Exercise requirements
Nothing but the lines below from the one containing "Готовая домашняя работа" through the one containing "近日,重庆市经济和信息化委员" should appear in the answer, exact and without pictures.

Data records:
•••••
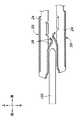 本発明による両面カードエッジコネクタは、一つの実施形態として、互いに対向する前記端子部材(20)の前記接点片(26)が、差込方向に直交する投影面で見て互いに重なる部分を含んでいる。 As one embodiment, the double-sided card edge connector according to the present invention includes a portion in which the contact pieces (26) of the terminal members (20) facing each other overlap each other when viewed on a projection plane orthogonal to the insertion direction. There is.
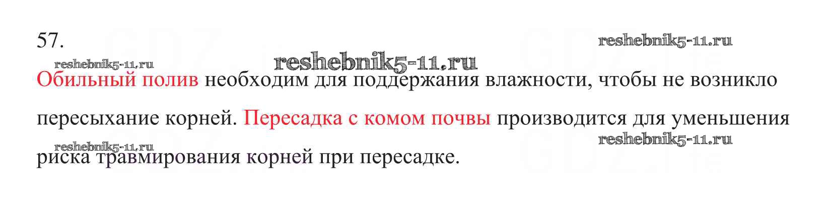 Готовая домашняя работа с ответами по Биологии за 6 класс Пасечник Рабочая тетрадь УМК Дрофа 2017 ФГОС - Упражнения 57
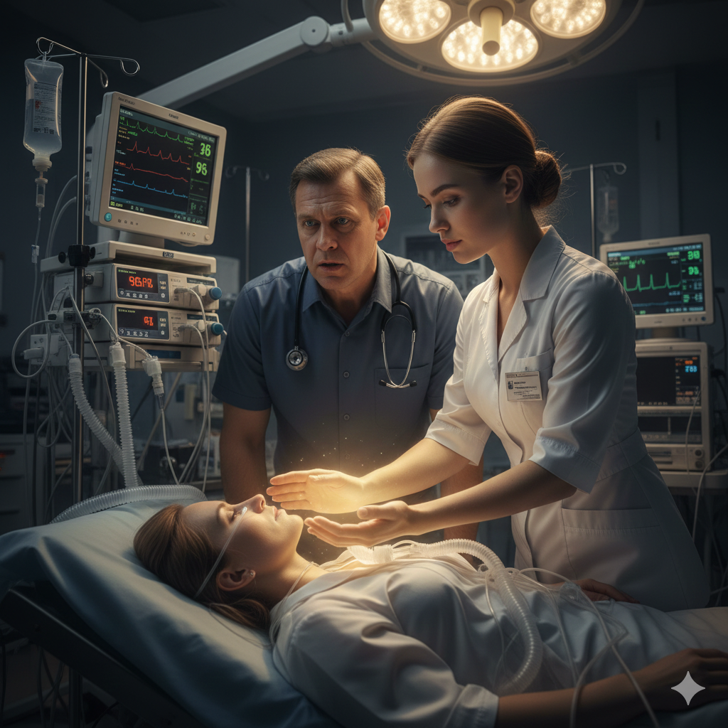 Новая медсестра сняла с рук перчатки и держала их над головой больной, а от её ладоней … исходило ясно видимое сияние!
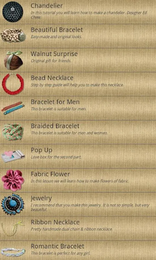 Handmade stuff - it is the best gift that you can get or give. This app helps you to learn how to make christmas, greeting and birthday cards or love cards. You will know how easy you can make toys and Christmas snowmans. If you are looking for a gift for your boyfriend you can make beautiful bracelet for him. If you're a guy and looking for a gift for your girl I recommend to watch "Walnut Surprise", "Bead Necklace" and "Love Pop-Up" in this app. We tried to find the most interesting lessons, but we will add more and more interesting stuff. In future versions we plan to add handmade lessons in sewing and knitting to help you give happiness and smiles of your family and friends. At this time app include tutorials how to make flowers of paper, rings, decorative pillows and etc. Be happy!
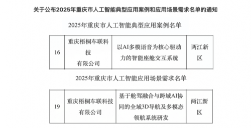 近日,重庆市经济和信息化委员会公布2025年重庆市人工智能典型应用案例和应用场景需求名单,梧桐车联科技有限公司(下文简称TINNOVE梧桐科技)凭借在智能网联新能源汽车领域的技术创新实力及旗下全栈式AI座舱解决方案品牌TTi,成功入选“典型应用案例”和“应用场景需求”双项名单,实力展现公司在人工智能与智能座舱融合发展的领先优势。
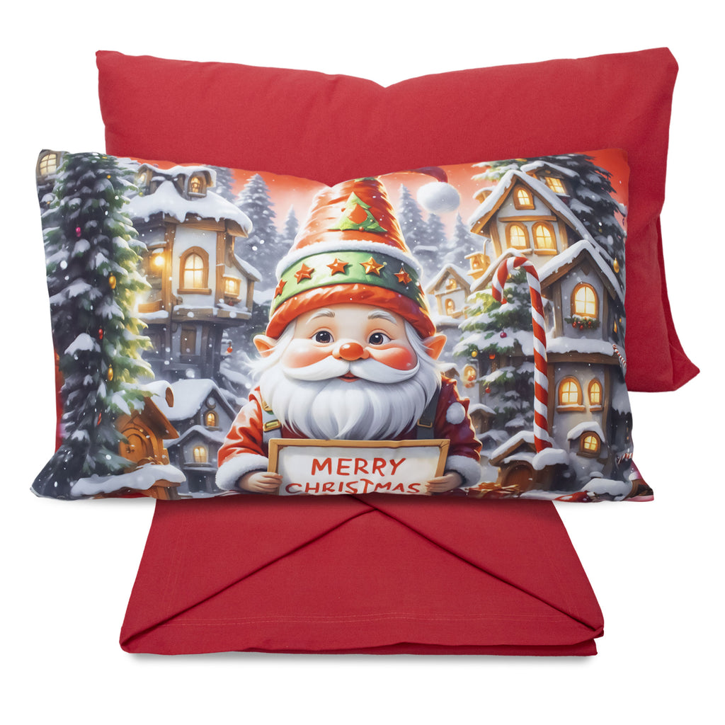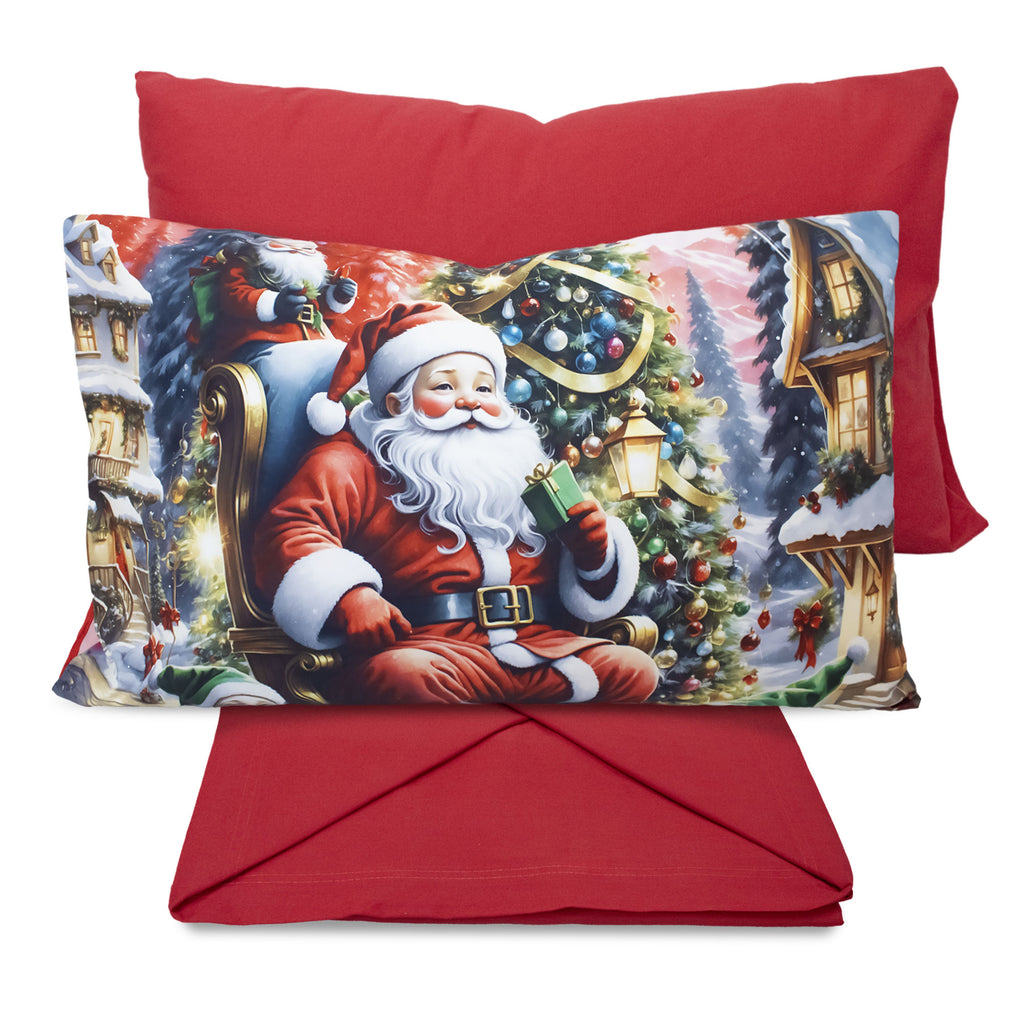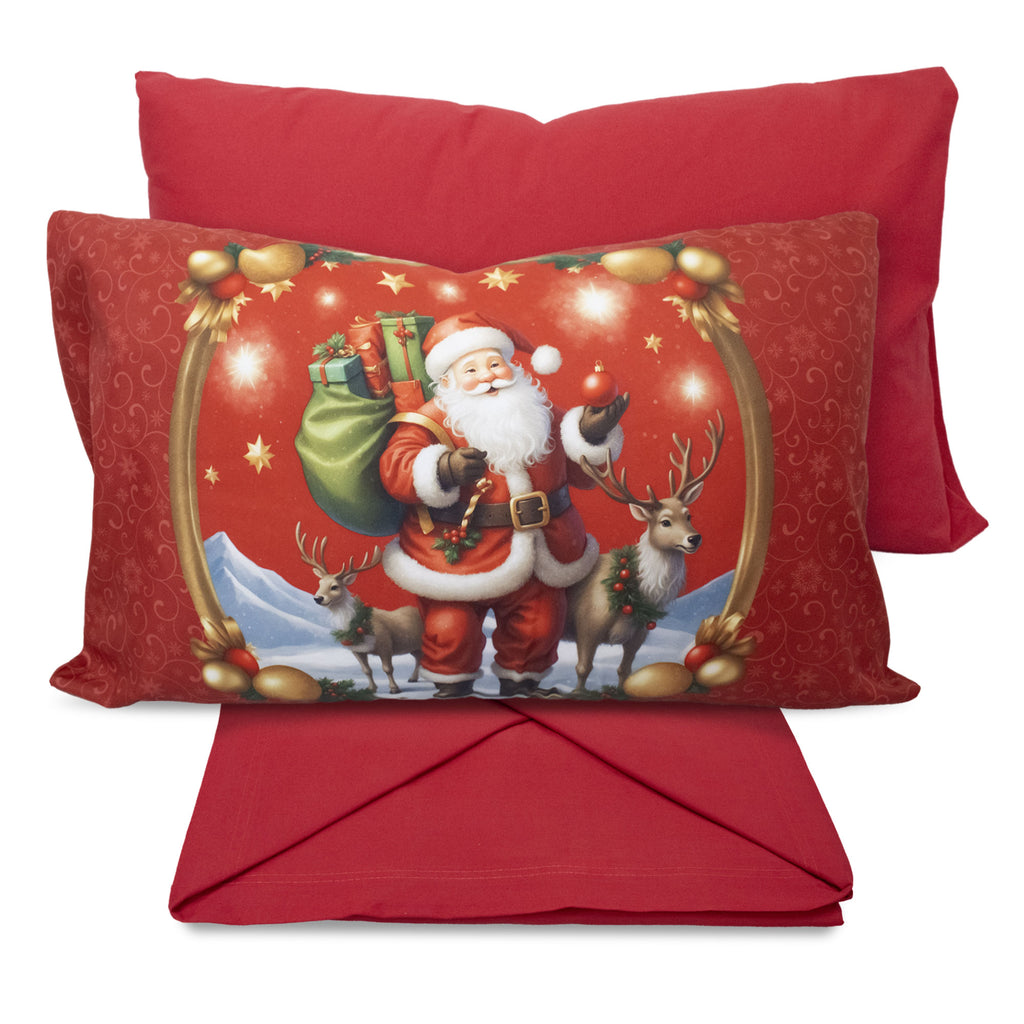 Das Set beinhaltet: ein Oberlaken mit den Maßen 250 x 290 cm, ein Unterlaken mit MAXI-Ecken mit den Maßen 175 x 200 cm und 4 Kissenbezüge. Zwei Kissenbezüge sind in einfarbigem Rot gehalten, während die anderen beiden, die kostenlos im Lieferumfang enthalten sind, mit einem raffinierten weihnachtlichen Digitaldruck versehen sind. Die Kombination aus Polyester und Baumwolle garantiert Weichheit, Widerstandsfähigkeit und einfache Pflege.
•••••
Result
 Готовая домашняя работа с ответами по Биологии за 6 класс Пасечник Рабочая тетрадь УМК Дрофа 2017 ФГОС - Упражнения 57
 Новая медсестра сняла с рук перчатки и держала их над головой больной, а от её ладоней … исходило ясно видимое сияние!
 Handmade stuff - it is the best gift that you can get or give. This app helps you to learn how to make christmas, greeting and birthday cards or love cards. You will know how easy you can make toys and Christmas snowmans. If you are looking for a gift for your boyfriend you can make beautiful bracelet for him. If you're a guy and looking for a gift for your girl I recommend to watch "Walnut Surprise", "Bead Necklace" and "Love Pop-Up" in this app. We tried to find the most interesting lessons, but we will add more and more interesting stuff. In future versions we plan to add handmade lessons in sewing and knitting to help you give happiness and smiles of your family and friends. At this time app include tutorials how to make flowers of paper, rings, decorative pillows and etc. Be happy!
 近日,重庆市经济和信息化委员会公布2025年重庆市人工智能典型应用案例和应用场景需求名单,梧桐车联科技有限公司(下文简称TINNOVE梧桐科技)凭借在智能网联新能源汽车领域的技术创新实力及旗下全栈式AI座舱解决方案品牌TTi,成功入选“典型应用案例”和“应用场景需求”双项名单,实力展现公司在人工智能与智能座舱融合发展的领先优势。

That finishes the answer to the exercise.